Woolly Mammoth : Nun cho ga, a whole baby mammoth, is first discovered in North America.
A gold miner, a First Nation, an experienced paleontologist, and a territory all worked together to make a once-in-a-lifetime discovery.
To be honest with you, I’m not sure how to handle it all at the moment. “It’s incredible,” said Dr. Grant Zazula, a paleontologist for the Yukon government.
On June 21, National Indigenous Peoples Day, a teenage miner was operating a front-end loader to remove muck from Eureka Creek in Yukon, south of Dawson City, when he struck something.
He came to a stop and dialed his supervisor, who came over immediately.
When Brian McCaughan of Treadstone Mining arrived, the work was immediately stopped.
Zazula received a picture of the find in less than 30 minutes.
Zazula says that the miner had found the “most important paleontological discovery in North America.”
It was a full-new born woolly mammoth, the second one ever discovered worldwide and the first one ever discovered in North America, according to Zazula.
“Her trunk is there.” Her tail is present. Her ears are really small. “She could use the small prehensile end of her trunk to grasp some grass,” Zazula replied.
She is stunning and flawless.
In 1999, a paleontologist began researching the Yukon Ice Age.
“And seeing someone face to-face is something I’ve always yearned to do. That dream actually came true this past week. “
The discovery was equally significant and thrilling for the Trondk Hwchin, on whose land the young woolly mammoth was discovered.
The elderly, as well as a large portion of the employees and members, are all very excited, according to Debbie Nagano, director of legacy for the Trondk Hwchin administration.
She would have become disoriented in the storm.
In the Yukon, National Indigenous Peoples Day is a recognized holiday, so when Zazula received the email, he made an effort to get in touch with any Dawson City residents he could identify who could be of assistance.
Two geologists, one from the Yukon Geological Survey and the other from the University of Calgary, found the young woolly mammoth in the creek. They were also able to do a thorough geological description of the area and take samples from it.

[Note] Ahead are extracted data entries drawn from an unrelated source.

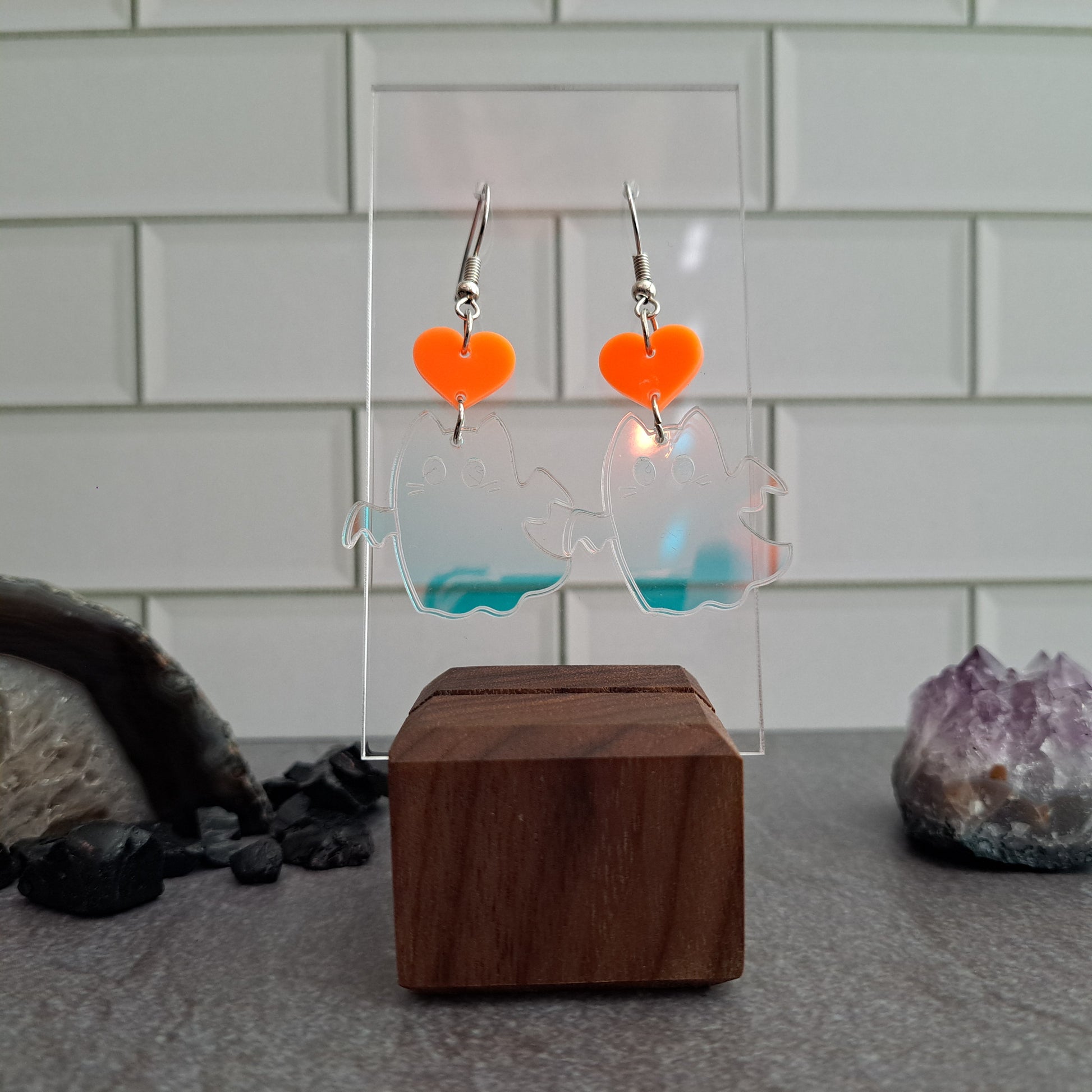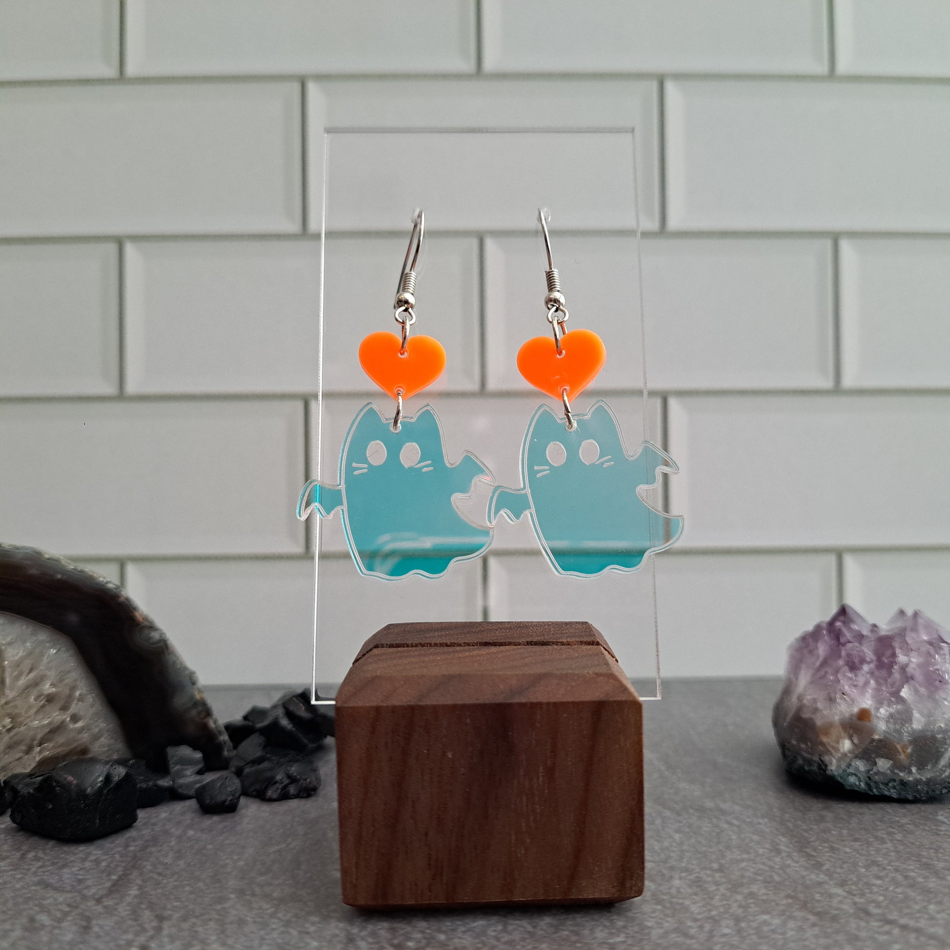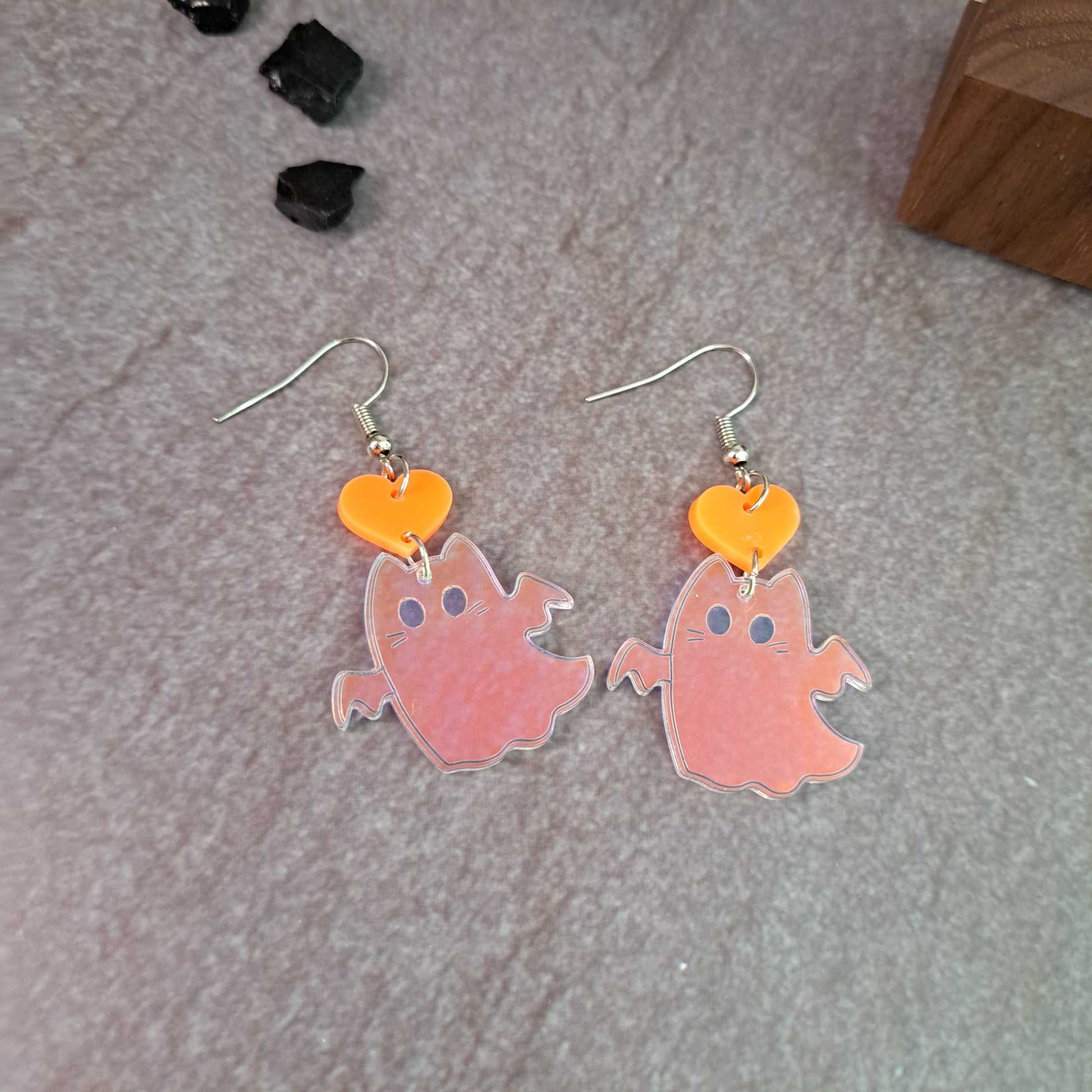 Kitty Ghosts with Orange Heart Dangle Earrings. They've come back to remind you to feed them!
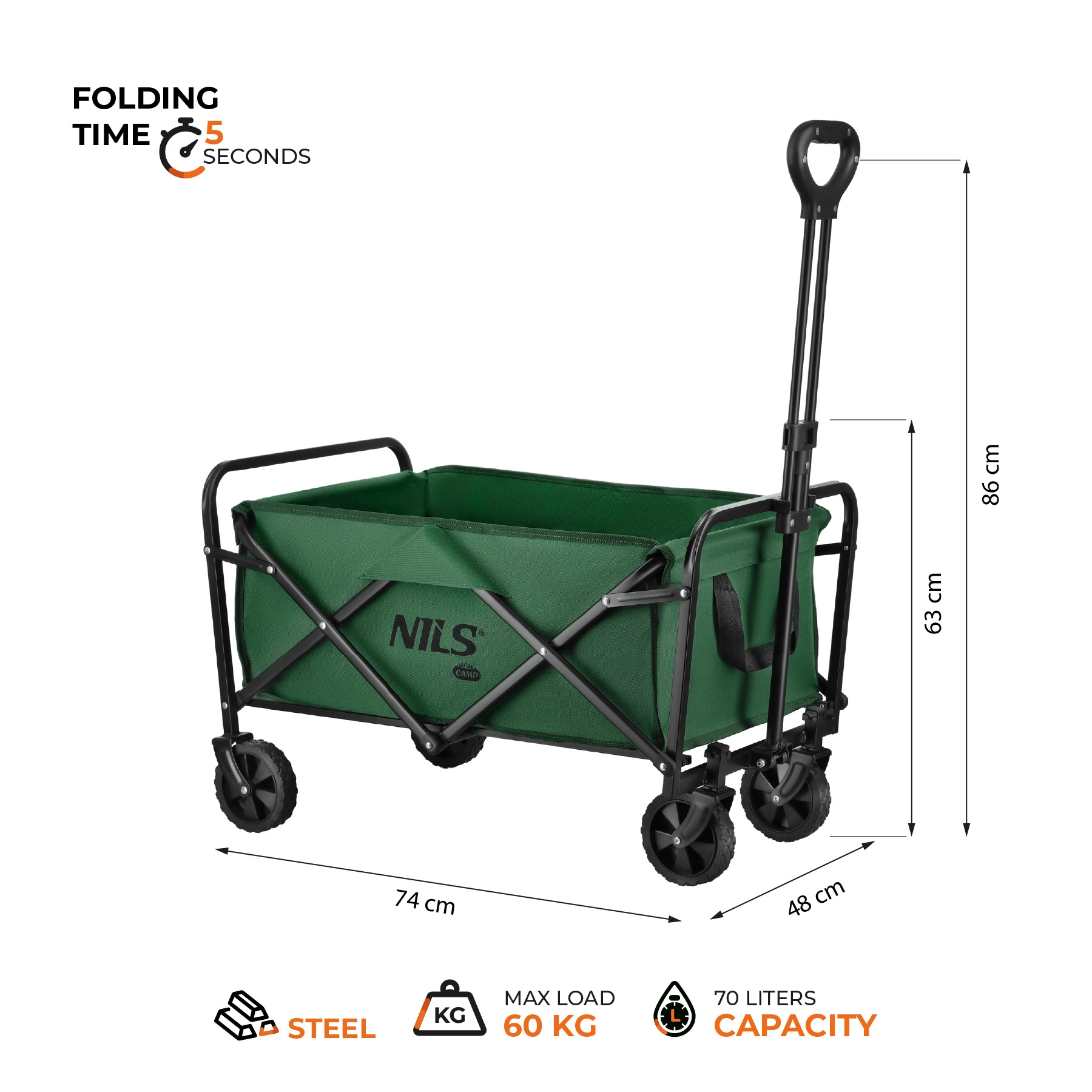 De lichte maar stevige opvouwbare wagen NILS Camp NC4306 maakt het vervoeren van uitrusting naar het strand, de camping en zelfs tijdens het winkelen eenvoudig. Hij biedt een inhoud van 70 l, een draagvermogen van 60 kg en een verstelbare handgreep voor comfortabel sturen. De duurzame 600D Oxford-stof met PVC en het snelle vouwsysteem garanderen praktisch gebruik en eenvoudig opbergen.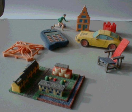 bu cihazla üretilmiş çeşitli renkli modeller, sağda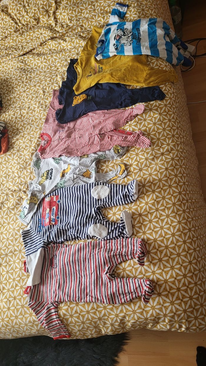 Je vend 7 pyjama garçon de taille 3 mois. Ils sont coton et polaire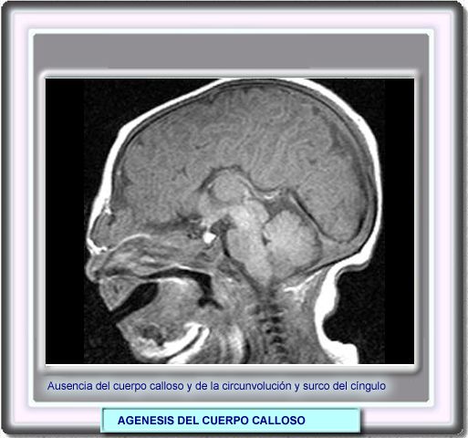La formación del cuerpo calloso tiene lugar entre las semanas 8 y 20 de la gestación. La agenesia del cuerpo calloso está asociada a otras anormalidades cerebrales entre las que se incluyen: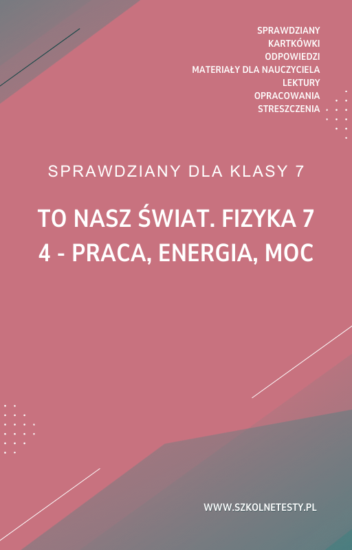 Co zawiera sprawdzian: 4. Praca, energia, moc SPRAWDZIAN ODPOWIEDZI To nasz świat. Fizyka 7?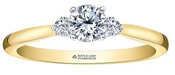18 Karat Yellow Gold, White Gold Accent Canadian Diamond Engagement Ring. 0.40 Carat Center Diamond 0.50 Carat Total Diamond Weight.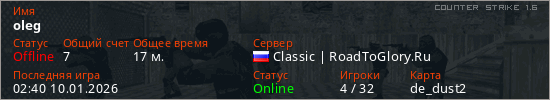 Играет на Counter Strike 1.6 сервере. Страна: РоссияПервый раз замечен 03:20 07.01.2026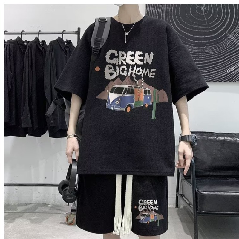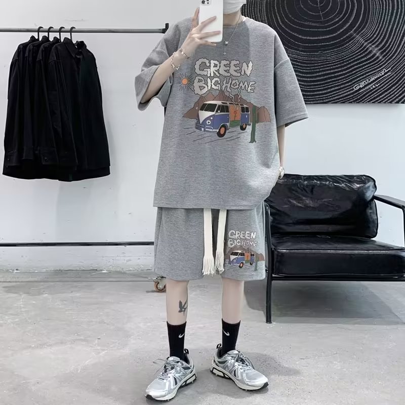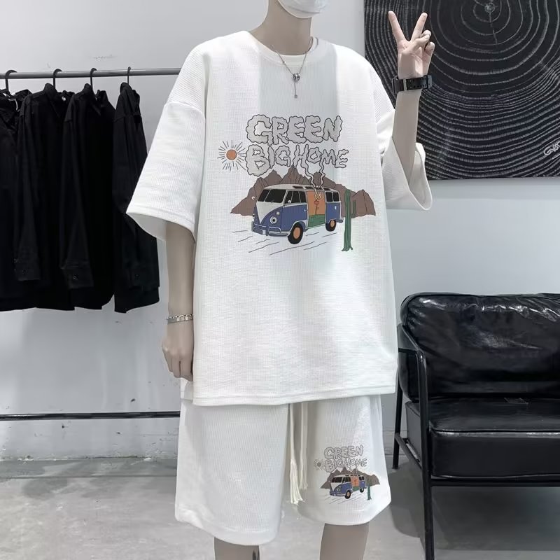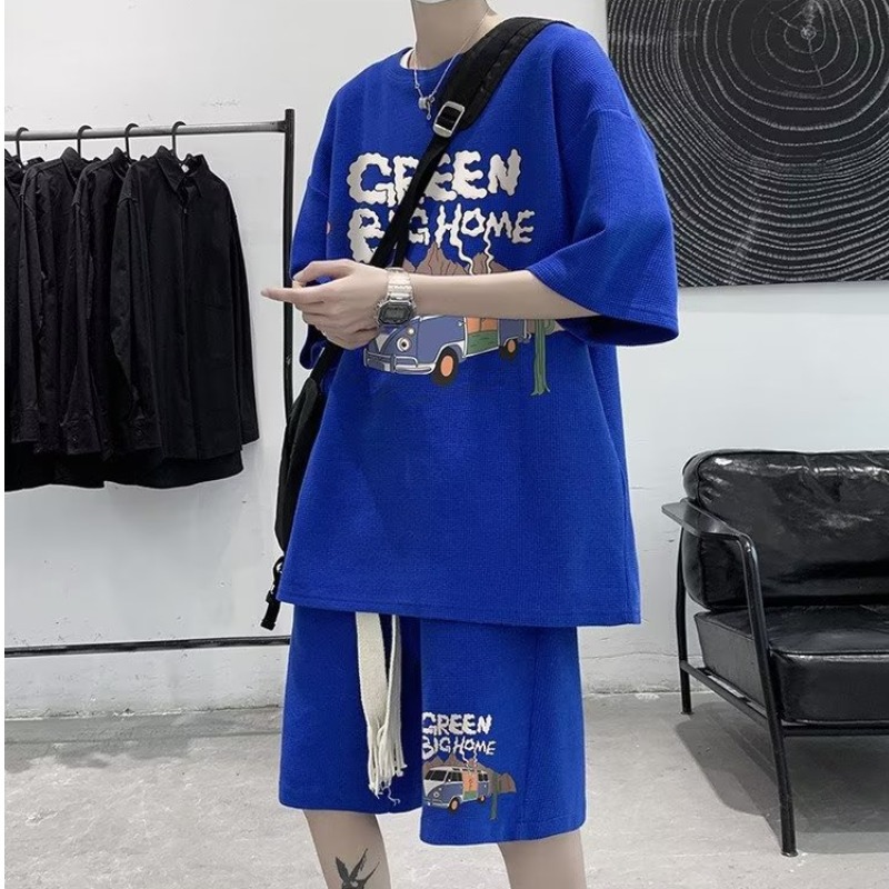 클라인 블루 와플 농구 스포츠 세트 남자의 여름 느슨한 패션 브랜드 반팔 반바지 캐주얼 투피스 세트스토어 가기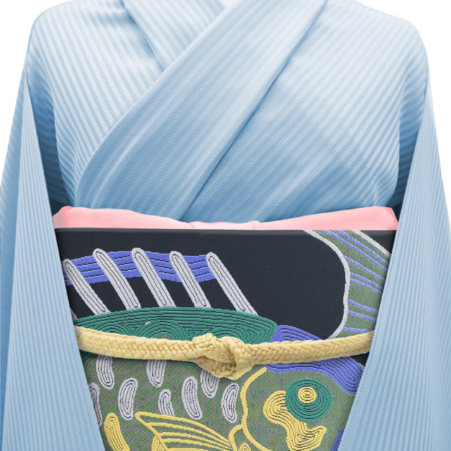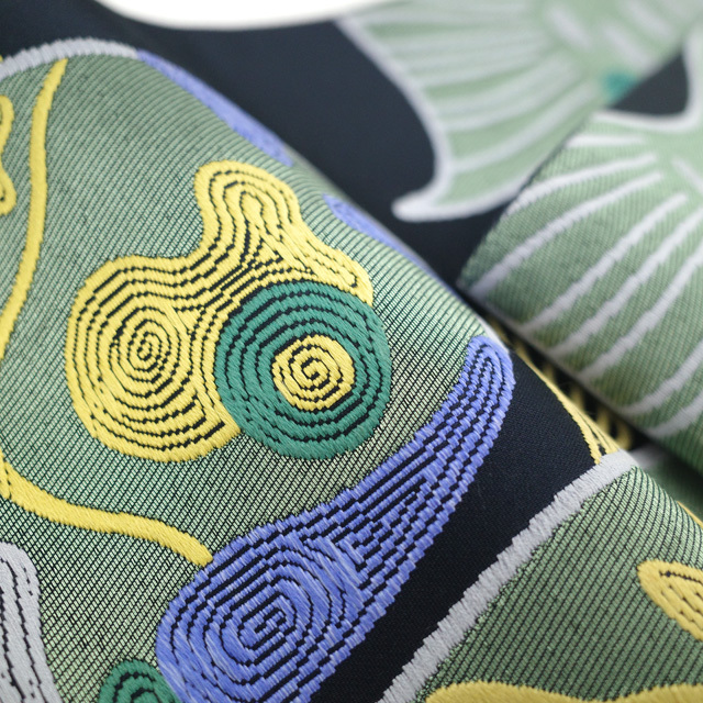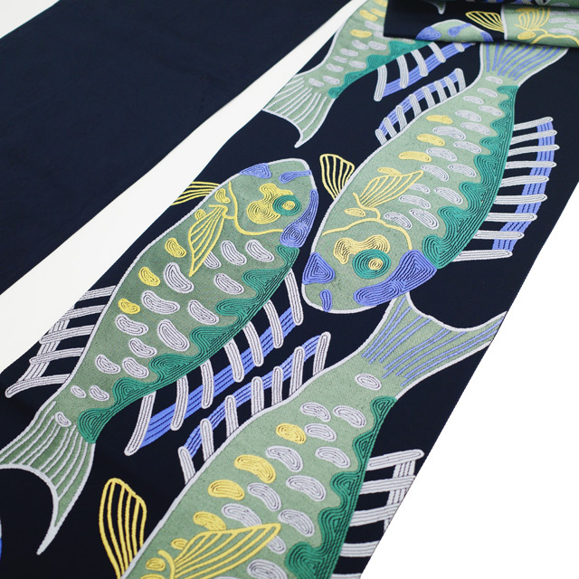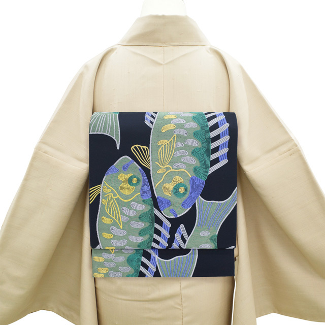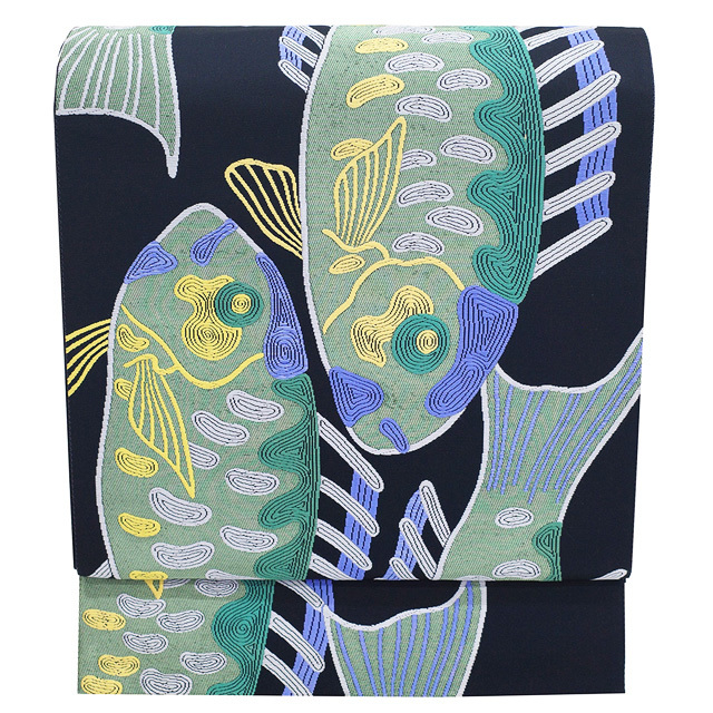 グリーンのラメ糸や青紫や、イエロー・グリーンの糸で丁寧に織り出された魚がまるで帯の上を泳いでいるかのよう。
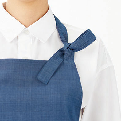 腰ひもを前で結ぶユニセックスなエプロンはダンガリー調素材。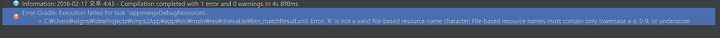 해당 drawable 폴더에서 보듯이 btn_matchResult.xml 이라고 uppercase 를 썻기에 에러가 발생했습니다.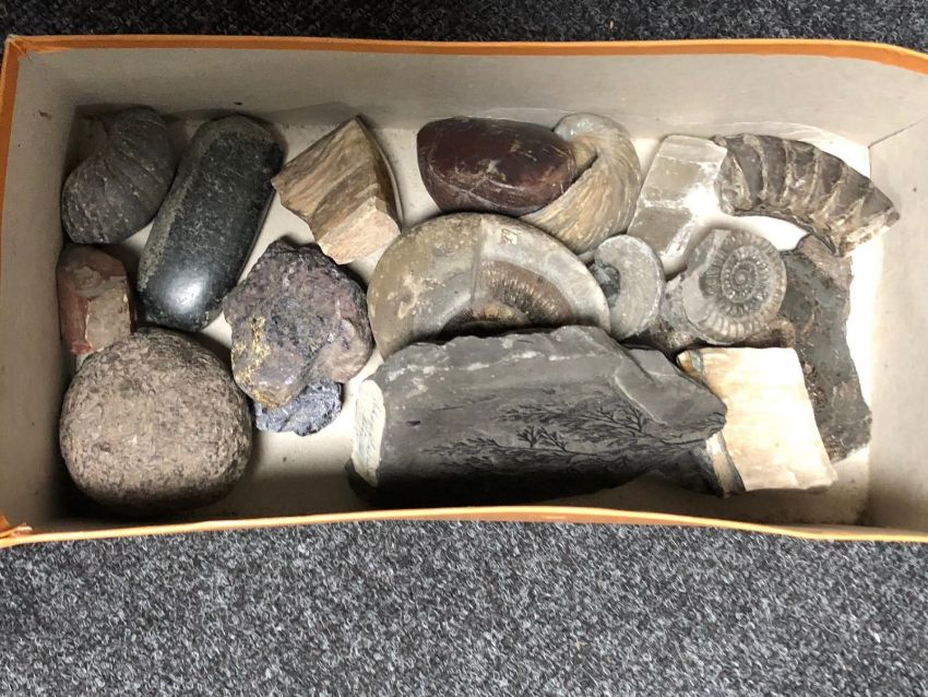 A box of fossils and polished stones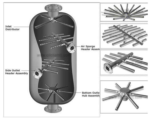 Hub Laterals can be designed for disc head vessels enabling the system to collect completely to the bottom of the vessel. Header Laterals design are also available for flat bottom vessel distributor or collector applications. Systems can be designed to accommodate side, center, top or bottom inlet piping. Integral backwash systems can be designed for any hub and header lateral for fast effective and efficient cleaning. Connections of the laterals can be flanged or threaded. All systems are designed for effective liquid or solid retention in a wide range of applications including exchangers, clay and sand filtration applications, carbon towers and power plants with water systems.

The sky opened up, became black, lightning began to strike, and rain began to pour in within an hour of them arriving to perform the work, Zazula added.
Therefore, if she hadn’t been found at that moment, the storm would have carried her away.
The baby woolly mammoth, known as Nun cho ga, is roughly 140 cm long, which is somewhat longer than the second baby woolly mammoth that was discovered in Siberia, Russia, in May 2007. Nun cho ga means “large baby animal” in the Trondk Hwchin’s Hän language.
Nun cho ga, in Zazula’s estimation, was between 30 and 35 days old when she passed away. Zazula estimates that she passed away between 35,000 and 40,000 years ago based on the geology of the area.
So she died during the last ice age and was discovered in permafrost, according to Zazula.
He said that a piece of the animal’s intestine with grass on it was visible to the geologists who found her.
Zazula explained, “So that tells us what she did in her final moments.”
He estimated that the mammoth was just a few steps away from her mother when she wandered off, ate some grass, drank some water, and became trapped in the mud.
And from becoming stuck in the mud to being buried, he added, “That thing occurred very, very quickly.”
Tr’ondëk Hwëch’in blessing
After being rescued from the mining site, Nun Cho Ga was taken to a nearby spot for a ceremony.
About 15 or 16 people, including Tr’ondk Hwch’in members, scientists, miners, and politicians, gathered in a circle and worshipped as Nun cho ga was unwrapped from the tarp. They were led by Tr’ondk Hwch’in elders.
Nagano said it was “extremely powerful” and that the elders had given the young woolly mammoth their blessing.
Tr’ondk Hwch’in, ElderThe moment the tarp was taken off, Peggy Kormendy claimed it stole her breath away.
All of us need to respect it. We shall heal when that occurs, and it will be powerful. “She spoke.
According to McCaughan of Treadstone Mining, “There will be one thing that stands out in a person’s entire life, and I can guarantee you that this is the one thing.”
- Woolly mammoth shoulder blade, tusk, among ice age fossils found by Yukon paleontology team
- Yukon miners unearth trove of prehistoric fossils
Michael Caldwell, a paleontologist at the University of Alberta who wasn’t there, said he was amazed that such moving stories have been kept alive over time.
It’s a kind of modern miracle that has been preserved, as well as a scientific treasure trove and a piece of great beauty. “All paleontologists will find this amazing, but those who work with such things will find it breathtaking,” he stated.
The discovery continues to amaze Zazula.
It will take days, weeks, and months for this to set in, and those days, weeks, and months will be spent working with Tr’ondk Hwch’in to decide what we do and what we can learn from this.